#### [Exercise description]
When you repeat the material, keep each line exact and omit the pictures.

#### [Input data]
'''
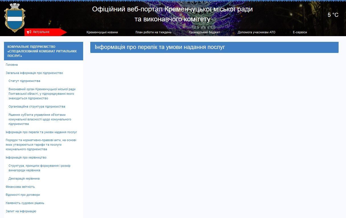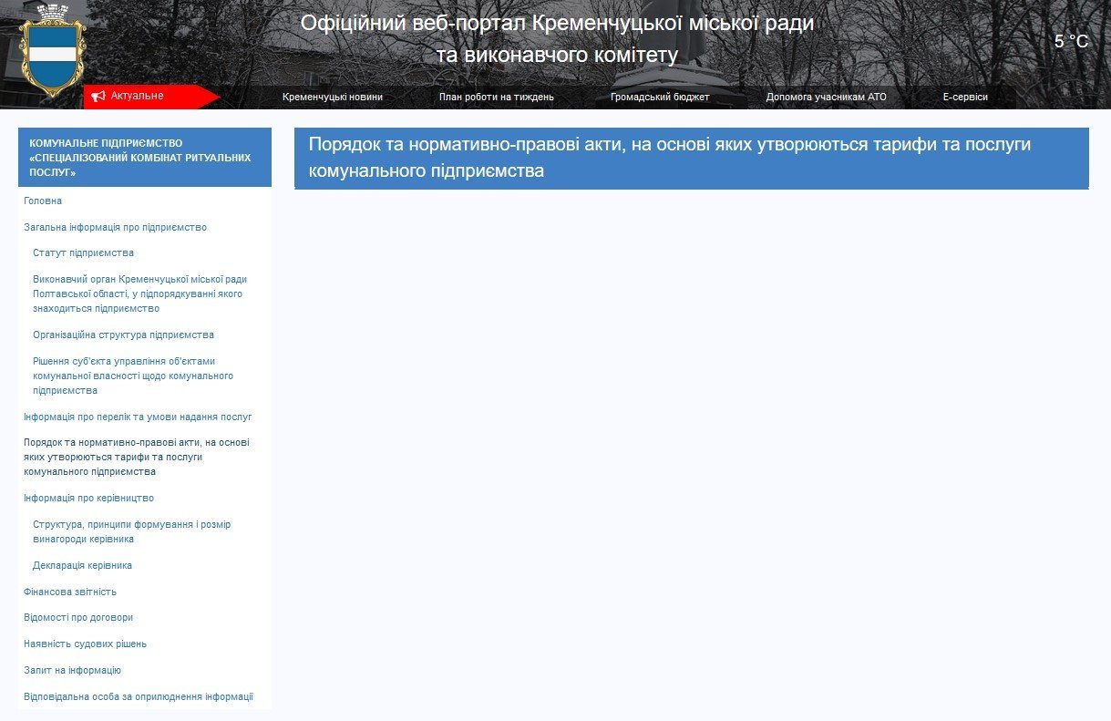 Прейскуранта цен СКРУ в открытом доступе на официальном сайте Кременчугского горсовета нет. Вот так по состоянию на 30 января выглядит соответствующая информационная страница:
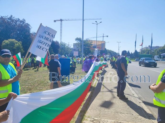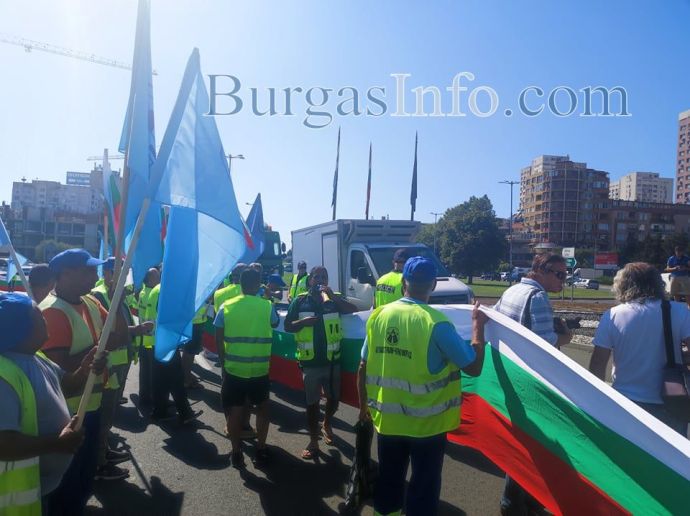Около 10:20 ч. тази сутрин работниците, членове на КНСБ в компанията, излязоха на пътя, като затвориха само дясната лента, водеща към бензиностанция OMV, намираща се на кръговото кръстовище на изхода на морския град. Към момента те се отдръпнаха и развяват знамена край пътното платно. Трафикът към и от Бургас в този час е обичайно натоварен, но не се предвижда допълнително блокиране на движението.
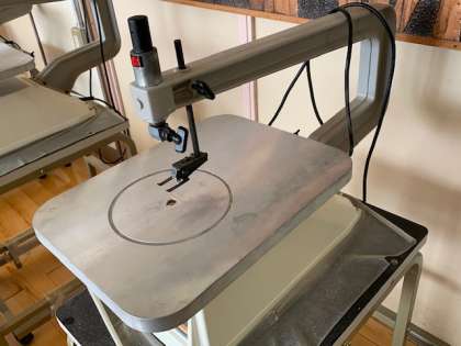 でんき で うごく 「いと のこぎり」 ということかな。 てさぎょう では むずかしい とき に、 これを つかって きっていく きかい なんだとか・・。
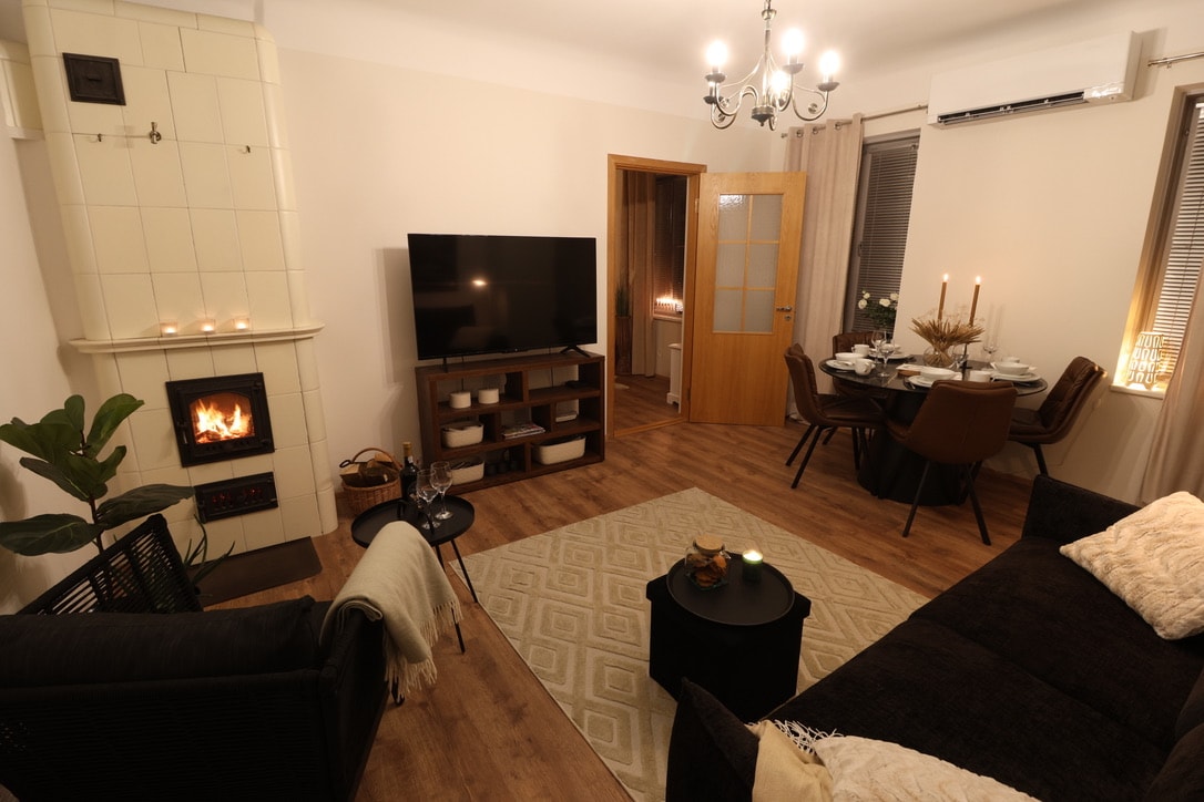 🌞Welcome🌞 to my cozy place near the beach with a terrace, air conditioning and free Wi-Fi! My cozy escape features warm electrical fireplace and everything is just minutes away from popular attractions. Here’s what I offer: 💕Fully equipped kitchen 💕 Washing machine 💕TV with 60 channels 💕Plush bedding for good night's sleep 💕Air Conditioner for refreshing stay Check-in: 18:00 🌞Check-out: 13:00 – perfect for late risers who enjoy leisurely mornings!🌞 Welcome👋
'''
#### [Expected answer]
 Прейскуранта цен СКРУ в открытом доступе на официальном сайте Кременчугского горсовета нет. Вот так по состоянию на 30 января выглядит соответствующая информационная страница:
Около 10:20 ч. тази сутрин работниците, членове на КНСБ в компанията, излязоха на пътя, като затвориха само дясната лента, водеща към бензиностанция OMV, намираща се на кръговото кръстовище на изхода на морския град. Към момента те се отдръпнаха и развяват знамена край пътното платно. Трафикът към и от Бургас в този час е обичайно натоварен, но не се предвижда допълнително блокиране на движението.
 でんき で うごく 「いと のこぎり」 ということかな。 てさぎょう では むずかしい とき に、 これを つかって きっていく きかい なんだとか・・。
 🌞Welcome🌞 to my cozy place near the beach with a terrace, air conditioning and free Wi-Fi! My cozy escape features warm electrical fireplace and everything is just minutes away from popular attractions. Here’s what I offer: 💕Fully equipped kitchen 💕 Washing machine 💕TV with 60 channels 💕Plush bedding for good night's sleep 💕Air Conditioner for refreshing stay Check-in: 18:00 🌞Check-out: 13:00 – perfect for late risers who enjoy leisurely mornings!🌞 Welcome👋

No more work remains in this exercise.